Problem to work on: Only some lines are wanted. Transcribe, exactly, the lines below from the line with "2026年高中寒假作業自主學習作業本·高一年級·歷史" up to and including the line with "This page presents".

(Supplied material)

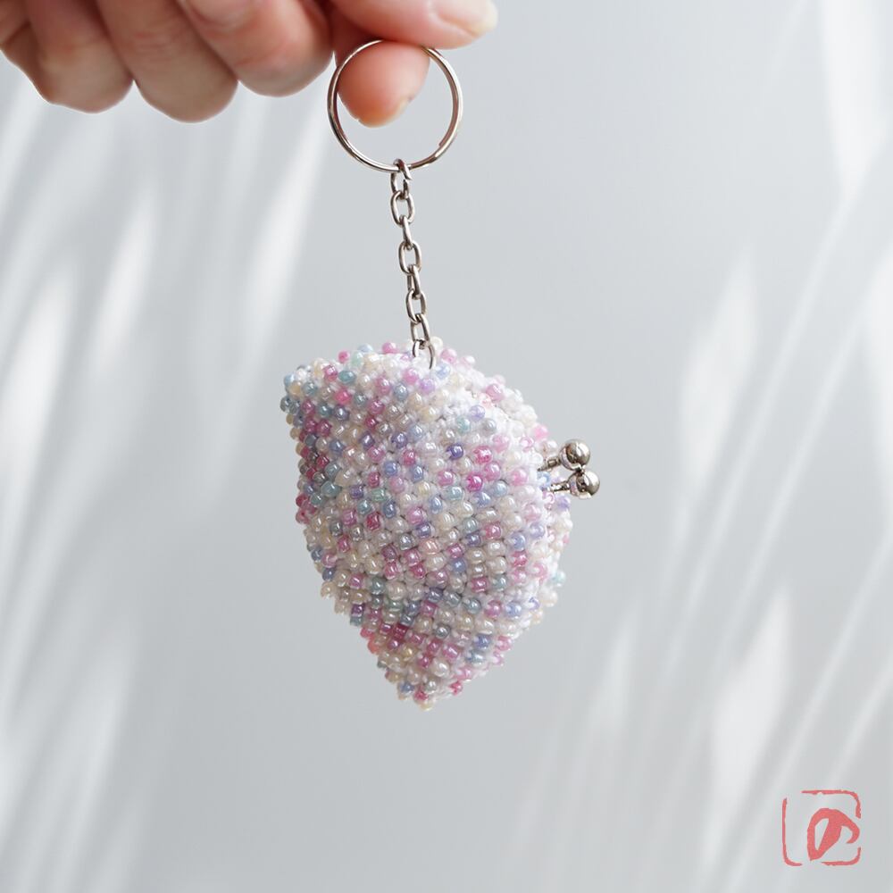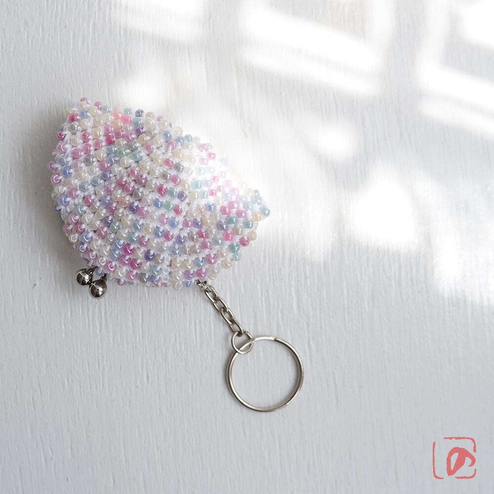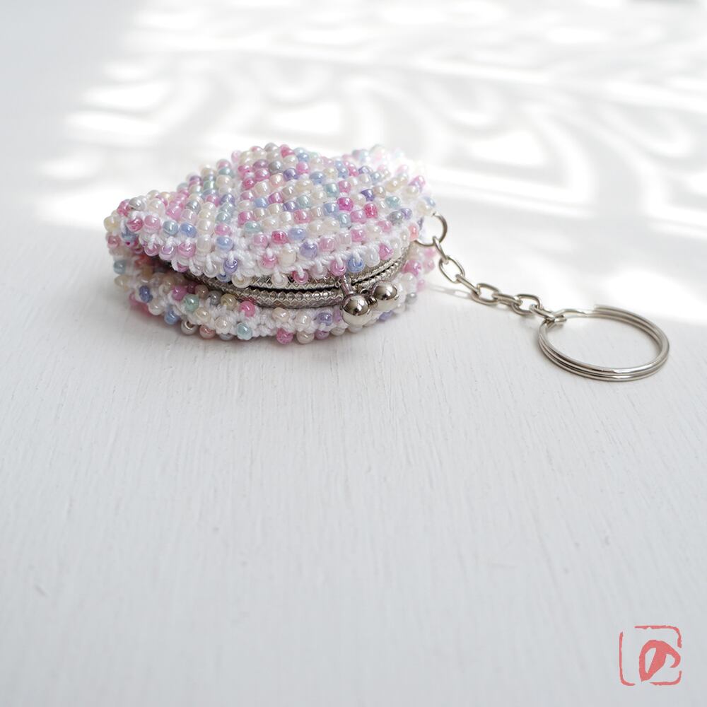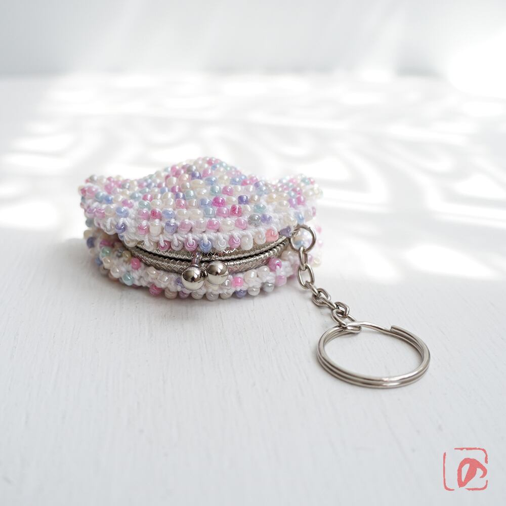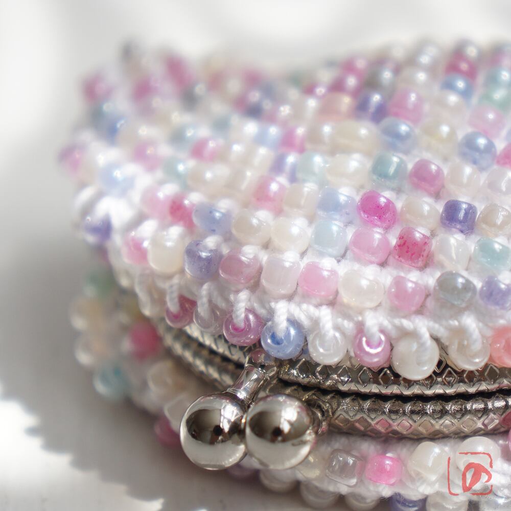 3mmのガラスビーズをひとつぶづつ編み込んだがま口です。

(End Supplied material)
(Supplied material)

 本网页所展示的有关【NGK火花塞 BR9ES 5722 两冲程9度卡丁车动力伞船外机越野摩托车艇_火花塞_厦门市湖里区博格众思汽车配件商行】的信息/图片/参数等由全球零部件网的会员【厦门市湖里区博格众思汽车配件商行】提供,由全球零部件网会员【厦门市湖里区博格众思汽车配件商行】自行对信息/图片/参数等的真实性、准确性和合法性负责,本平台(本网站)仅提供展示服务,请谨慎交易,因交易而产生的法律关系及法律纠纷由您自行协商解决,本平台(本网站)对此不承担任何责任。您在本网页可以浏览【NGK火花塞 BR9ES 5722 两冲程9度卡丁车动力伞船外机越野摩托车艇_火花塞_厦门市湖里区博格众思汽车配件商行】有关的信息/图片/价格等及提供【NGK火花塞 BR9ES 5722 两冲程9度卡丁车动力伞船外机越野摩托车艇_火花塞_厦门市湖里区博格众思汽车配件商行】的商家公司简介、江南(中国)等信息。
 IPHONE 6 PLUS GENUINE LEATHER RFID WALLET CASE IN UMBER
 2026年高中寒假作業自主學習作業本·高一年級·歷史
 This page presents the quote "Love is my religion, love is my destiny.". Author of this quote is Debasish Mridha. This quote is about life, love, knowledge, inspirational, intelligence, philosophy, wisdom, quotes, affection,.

(End Supplied material)

The completed task:
 2026年高中寒假作業自主學習作業本·高一年級·歷史
 This page presents the quote "Love is my religion, love is my destiny.". Author of this quote is Debasish Mridha. This quote is about life, love, knowledge, inspirational, intelligence, philosophy, wisdom, quotes, affection,.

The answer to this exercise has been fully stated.